Li por aí sobre um fetiche: transar com caras ricos. A menina fica excitada só de ouvir falar em uma conta polpuda no banco.

Ora, eu não vou julgar fetiches. Não creio que as pessoas sejam totalmente livres para escolherem quem amam, que dirá por quem sentem tesão. Temos histórias que nos predispõem a gostar mais de um ou outro alguém. Traumas, neuroses, questões. Isso é óbvio – eu só vou amar, ou gostar, daquelas pessoas que passarem por esses filtros.
Então não vou julgar ninguém individualmente, a mulher que gosta disso ou daquilo. Porque a mulher individualmente faz o que ela quiser. É direito dela.
Mas posso questionar, sim, a cultura que permite, ou incentiva, isso acontecer. Ou seja: se esse fetiche é uma sinal de alguma outra coisa. Porque esse não é um desejo incomum. Não são poucas as mulheres que pensam assim, são várias. Apesar do feminismo, apesar de termos conquistado direitos, apesar de trabalharmos e nos sustentarmos. E mesmo as que não decidem, de forma deliberada, só transar com caras ricos, mesmo assim podem pensar que é obrigação do homem ser o provedor.
Vejamos: quantas pesquisas de psicologia evolutiva a gente não vê que justificam exatamente isso?
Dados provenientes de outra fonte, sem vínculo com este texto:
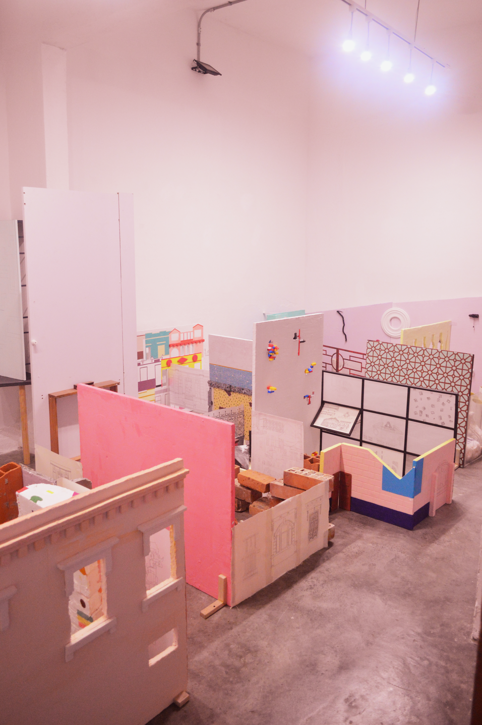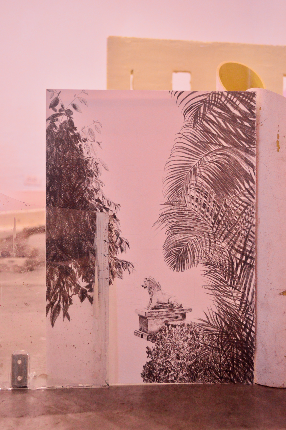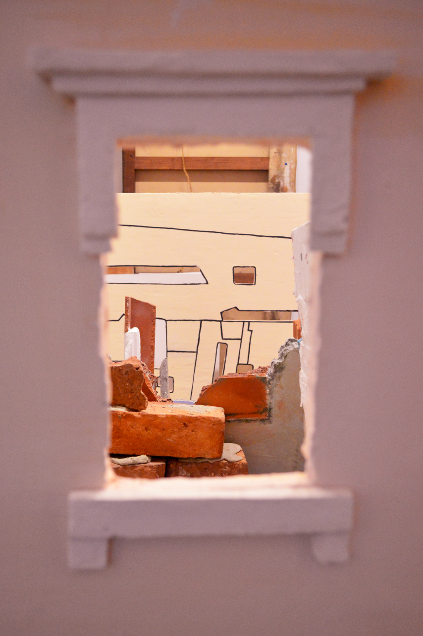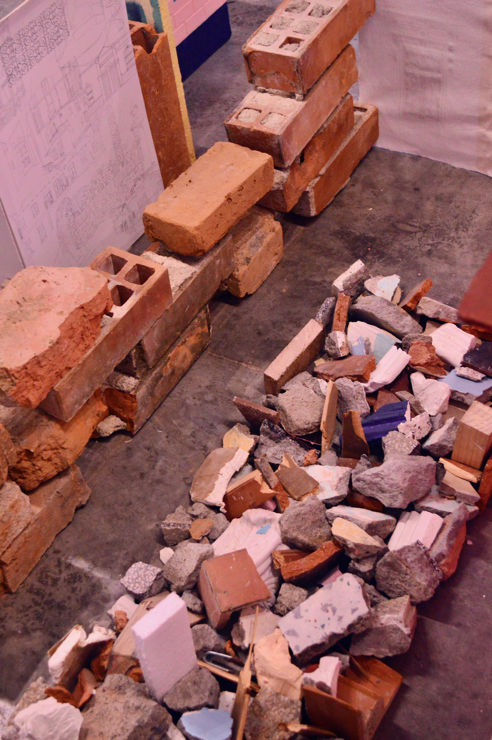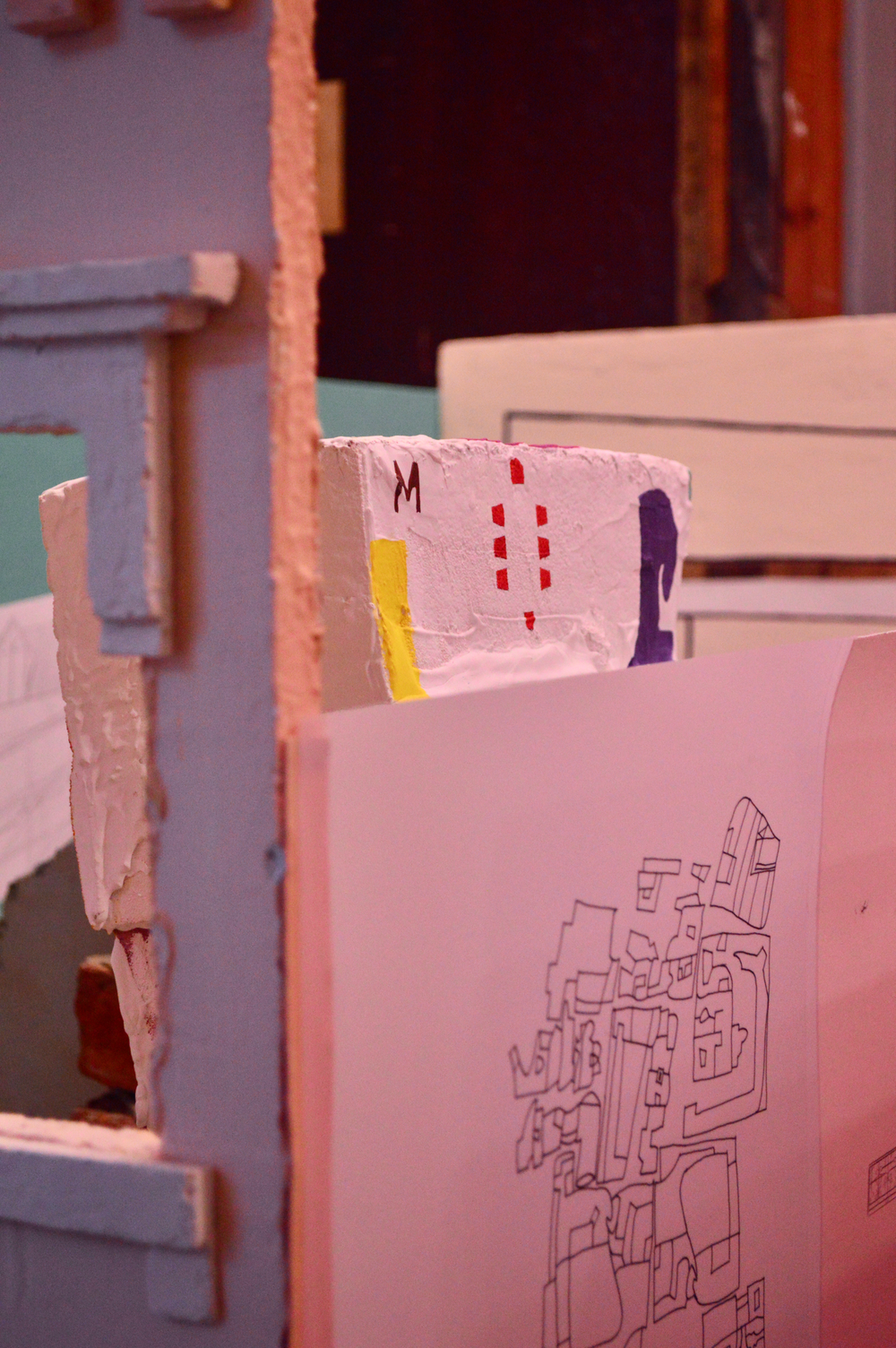 El ejercicio propuesto, dibujar la ciudad, recorrer la urbe como modelo, plantea un particular concepto de dibujo que copia, calca, refleja, trasluce, traza, truca, cae y vuelve a rayar, sobre un desfile de papelillos. Y en cualquier momento el dibujo se disfraza de estructura, cerramiento, detalle o, incluso, de capricho; el dibujo está aquí y allá, aparece y desaparece, el dibujo es encantología que se disuelve en escombro, que a su vez, mediante este mismo procedimiento, se materializa en espectro. La piedra y el papel construyen sueños que en la vida diurna se representan como fachadas vacías interceptadas por la sinuosidad de telares verdes que ondean como banderas de un territorio que nos invita y nos repela.

Que a mulher, por razões biológicas, procura um cara “provedor” para ajudar a criar a prole, enquanto o homem procura uma mulher bonita e jovem para carregar seus genes? Quantas pesquisas não são feitas para comprovar que isso é natural, biológico?
Então se tem isso, é porque é interesse de uma cultura dominante, de um sistema, manter os homens como provedores e as mulheres como dependentes. Para manter o controle e a hegemonia masculinos. Porque a tara da menina não é transar no lençol de mil fios que ela comprou com o dinheiro dela – é transar no lençol de mil fios que o rapaz comprou com as cabeças de gado dele. Então tem uma questão aí, sim. Uma questão que essa preferência mostra: que na nossa sociedade, homem desejável ainda é o que tem grana, e a mulher desejável é a que tem “bons genes”, é bonita, limpinha, cheirosa, enfim, quase uma mercadoria. Então é claro que isso vai existir. É assim que a coisa opera, certo? A gente (muita gente, enfim) acaba DE FATO se apaixonando por quem mandam a gente se apaixonar. Não é tudo frio e manipulado – a coisa opera de forma a de fato moldar os desejos. Não dá pra separar onde começa o desejo individual e o moldado pelo coletivo, porque está tudo meio misturado. Possivelmente, não existe desejo totalmente individual. Então a menina está fazendo o que sempre ensinaram pra gente: ir atrás do cara que tem dinheiro, que possa te sustentar. Esse sim é o cara, o bom partido. E a maior sorte que uma mulher pode ter não é ela mesma conquistar seu dinheiro, seus bens, suas coisas. É ter alguém do lado que possa bancar isso pra ela.
Não acho errado, não estou julgando. Mas acho sintomático.